Faculty of Medicine, Oncology Research Centre, University of New South Wales, Australia.
Prince of Wales Hospital, Clinical Science Building, level 2, Prince of Wales Hospital, High Street, Randwick, Sydney, New South Wales, 2031, Australia.
Stemming from its inherent heterogeneity, single agent treatments are essentially ineffective against castration resistant prostate cancer (CRPC). Thus, clinically relevant regimens that harness different modalities to maximize treatment efficacy without increasing cumulative toxicities are urgently needed. Based on this rationale, we investigated if a novel combination of purine nucleoside phosphorylase mediated gene-directed enzyme-prodrug therapy (PNP-GDEPT) with docetaxel against CRPC has superior efficacy in comparison with the individual treatments.
The invitro cell growth inhibition in differentially treated murine and human CRPC cell-lines was established using a cell-viability assay. The extent of synergy, additivity or antagonism between treatments was evaluated using Calcusyn statistical analyses. The local and systemic effects of docetaxel and/or PNP-GDEPT were tested in both immunodeficient and immunocompetent mice against human and murine CRPC tumors, respectively. Subsequently, immunohistochemical analyses, an evaluation of serum-cytokine and -toxicity profiles were conducted to characterize the differential host-responses to treatment.
The combined use of PNP-GDEPT and docetaxel led to strong synergistic cell killing in vitro. Compared to the individual modalities, combination of the two led to a marked reduction in "local and distant" tumor growth in vivo, importantly, with lowered doses and without additional toxicities. Immunomodulation was indicated by enhanced immune-cell infiltration and altered serum cytokine levels. Further, a lowering of Th2 cytokines, MCP1, IL-4, IL-6 and IL-10 marked lower tumor burden and enhanced treatment efficacy.

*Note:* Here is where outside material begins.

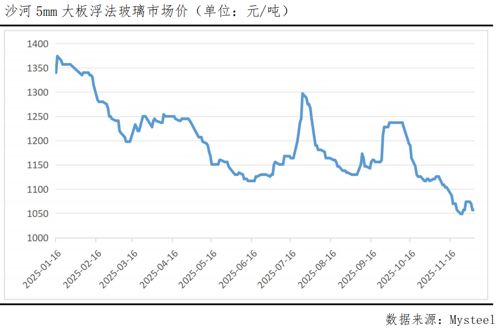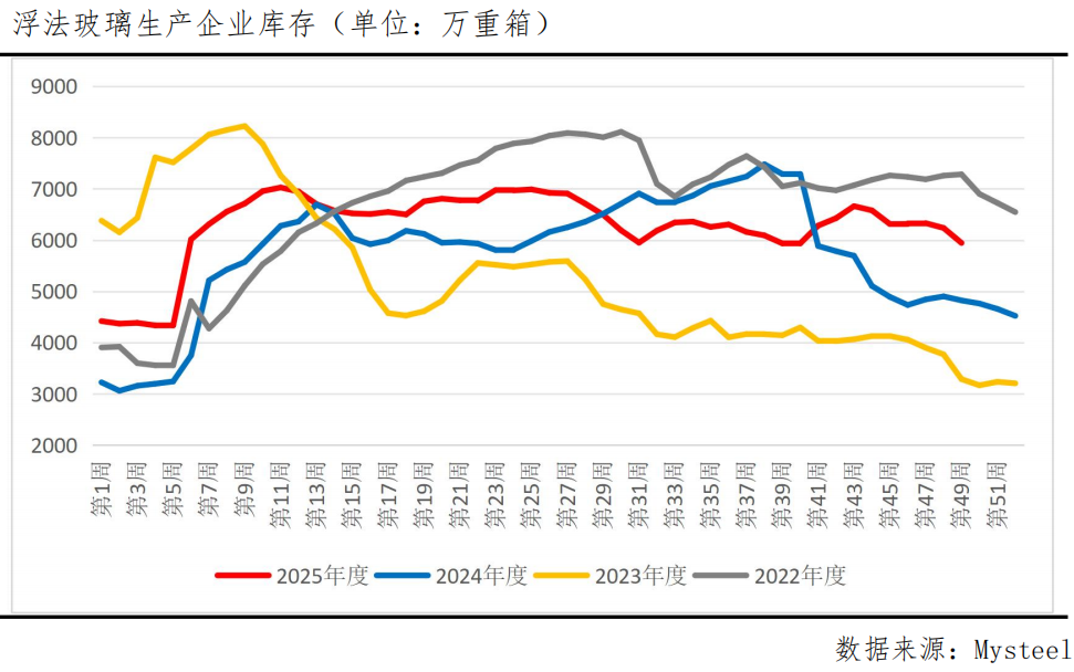 决定价格方向的最重要力量在于需求,而占玻璃需求最大比例的地产领域需求正面临双重压力:一是房企资金紧张导致竣工端玻璃采购需求同比明显下滑;二是北方地区逐步进入冬季低温停工阶段。截至12月初,全国玻璃深加工企业订单天数虽小幅回升至10.1天,但仍处于近年同期最低水平。订单匮乏导致下游企业普遍谨慎,这使得往年在年末出现的季节性补库行情在今年大概率落空。
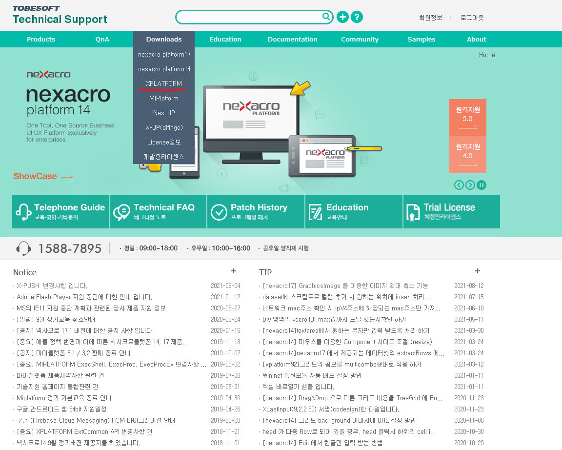 2. 홈페이지가 나오는데 메뉴바에 Downloads - XPLATFORM 클릭

PNP-GDEPT and docetaxel are a potent combination against CRPC in immunocompetent and in immunodeficient settings; the outcomes have translational potential for improved treatment and management of CRPC patients.
Written by:
Singh PP, Joshi S, Russell PJ, Verma ND, Wang X, Khatri A. Are you the author?
Reference: Clin Cancer Res. 2011 Apr 29. Epub ahead of print.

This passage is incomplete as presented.